Let's see some veins, Karl Ebesen said. He scrutinized the test leaves from the graphic designer's eye view. How about a few burns and insect bites? The ragged scars that silk imitations never bother to imitate.

Spiegel pressed on, coating the synthetic surface with ever-finer nubs and nuances. Boosting realism required forgoing simple polynomials and embracing a runaway explosion of polygons. Here, he told his charges, pointing at the color plate of the original jungle. Here: trying to keep his finger a safe distance from that woman's chalk-white breasts. Here, this cluster of…
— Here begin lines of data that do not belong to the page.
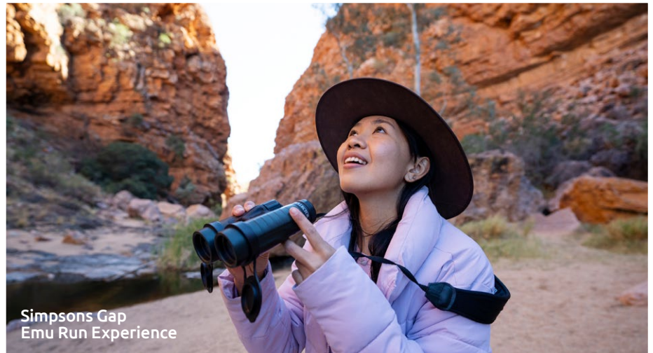
Simpsons Gap Emu Run Experience

A hands-on paper-making workshop using native grasses, a surreal salt lake and magnificent views of Mt Connor make Curtin Springs a learning destination not to be missed.
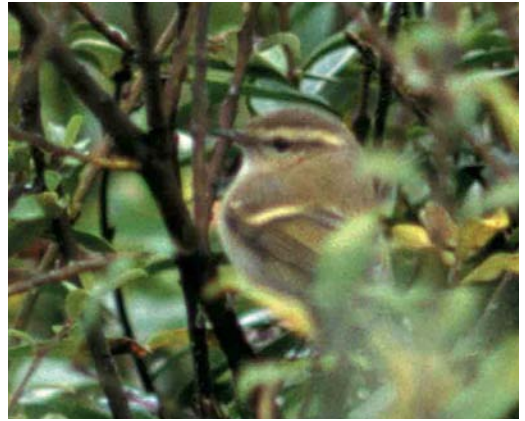
329 Hume's Leaf Warbler / Humes Bladkoning Phylloscopus humei , Katwijk aan Zee, Zuid-Holland, 8 November 1999

not heard calling otherwise. This particular bird showed itself very well, however, so there was in the end little doubt about its identity as a humei (plate 327). The duration of the call is only 0.17 s.
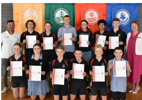
State and National Team selection or competition winners
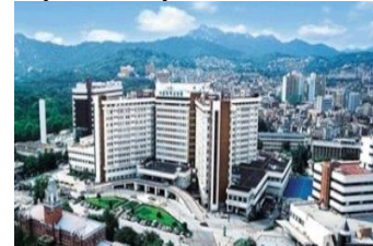
Seoul National University
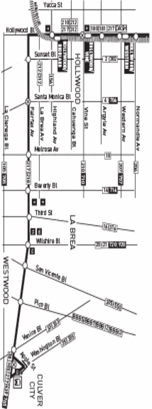
INSET 1 - HOLLYWOOD - WEST LA TRANSIT CENTER
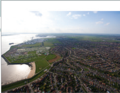
Small text caption at the bottom of the left page of the double-page spread.
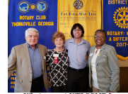
What a great WELCOME for
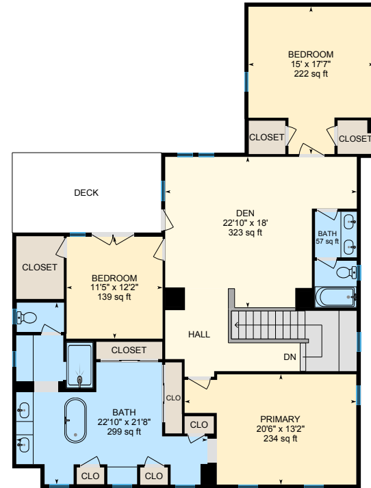
2nd Floor Finished Area 1774.74 sq ft
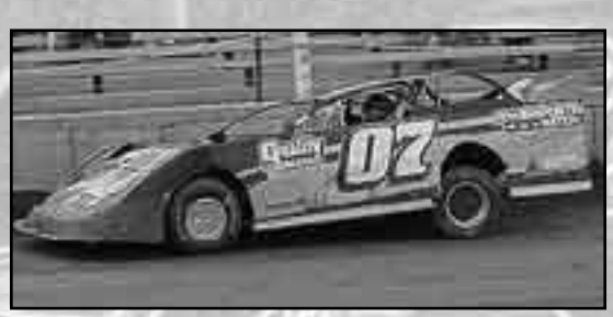
Late Model winner - Ben Sukup
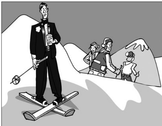
like a fish out of water

like a bump on a log Fig. completely inert. (Derogatory.) □ You can never tell what Julia thinks of something; she just stands there like a bump on a log.
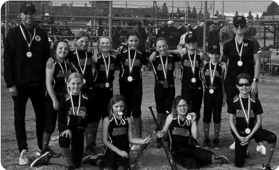
Clockwise from left: The Winkler Nitro, Golden Gloves, and Dynamite U11 softball teams won gold, silver, and bronze, respectively, in the regional playdowns.

Golden Gloves in the championship final, taking that one 8-5 for the medal. The Gloves, meanwhile, had bested Bruxelles HT 13-0, Carberry, 16-1, and MacGregor 10-0 to earn a seat at the championship game. On the path to their bronze medal win, the Dynamite defeated Rock Lake 7-3 before falling 9-4 to Notre Dame to end up on the B-side, where they beat Carman 6-2, Glenboro 17-16, and finally Rock Lake once again 10-8 to secure the third-place finish.
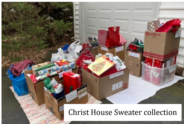
Christ House Sweater collection
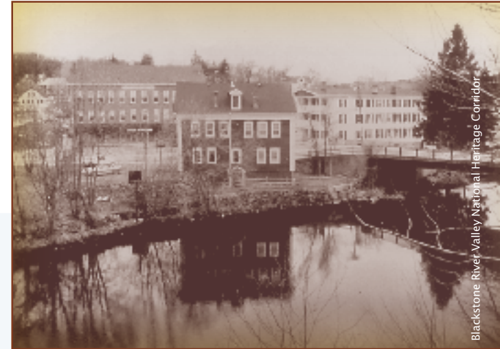
During the 1850s, Monument Square became the commercial center for Waterford. In the foreground is the McMullen Block. To the left is the brick Blackstone Block and to the right is the Union Hotel.

Today, the mills and the rail station are gone, but Blackstone continues to act as a junction between Massachusetts and Rhode Island. Many residents of Blackstone work in Woonsocket, as has been the case for over a century. The most recent example of bi-state cooperation was the creation of Blackstone Gorge State Park in 1991. The park is jointly maintained by Rhode Island and Massachusetts, and is one of the best examples of the cooperation which has been integral to the success of the Blackstone River Valley National Heritage Corridor.
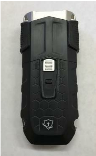
Generation 2 Pre-Production Functioning Version of BolaWrap™ Model 100

Figs, Adie offered. Figs, I think.

That's supposed to be a fig tree? That? OK. Let s say fig. We turn this cluster of fig leaves into a thousand little trapezoids We manufacture every one of its kinks and blips out of tiny triangles, tilted to lie in every plane that interests us.

What they call a wire frame? Vulgamott, in his former life as an architect, had worked with endless screen-based blueprints — pale Pei imitation monoliths exploded into more tiny CAD corbels than a person could shake a French curve at.

Wire frame. Skeleton. Whatever. Groups of graph primitives: triangles, polygons. Hidden-line removal creates the sense of three-space. Lots more verisimilitude. But tons slower. Tons harder to draw.

Adie cleared her throat. Drawing shouldn't be a problem. I thought that's why we clueless Bohemians are on the payroll.

Oh, not harder for you. I meant harder for the graphics boxes. For… Rembrandt and Claude and Hsieh Ho. Ten video channels, in real time. Were talking real rendering overhead. Every object that we want to paint is an entire community. A whole ecosystem of polygons for each light-face. The better you want it, the smaller your polygons have to get, until your complex object is nothing but vertices. Hundreds of thousands of vertices, smack up against what the hard-cores call your polygon budget.

Couldn’t we just go out and shoot 360 degrees of film around some actual leaf?

Could. But youd still want to translate the picture back into data points. And youd have to do that by hand, or something like it.

Why? Adie asked. Why turn a continuous image of the real thing back into jagged little chunks?

Because, Spiegel began, running the logic through his own internal simulation, like sunlight through foliage. Because well want to give your leaf real qualities. Behaviors. Well want to run operations against it. To subject it to gravity, fire, wind. A photo of a leaf wont ooze when cut. We want a clone that will do everything the original does. Catch rain or shrivel up in heat. Turn gold in a cold snap.

The Cavern would settle for nothing less. Every community of polygons needed its catalogue of affordances: pliant, pulpy, wet, burnable, breakable, taut… And that behavioral catalogue itself decided how the described object glinted in twilight, how it aged and altered, how it floated on the sea of wider rules all around it.

Every fully modeled object became a machine. And every change in an object's catalogue altered the way that machine ran. Leaves programmed the light that fell on them. And every scar of light that leaves accumulated along their way fed back into the living inventory. A branch in the air modeled the wind that waved it, and wind bent that bough through the arc of its own prediction. For there was no real difference, finally, between property and behavior, data and command.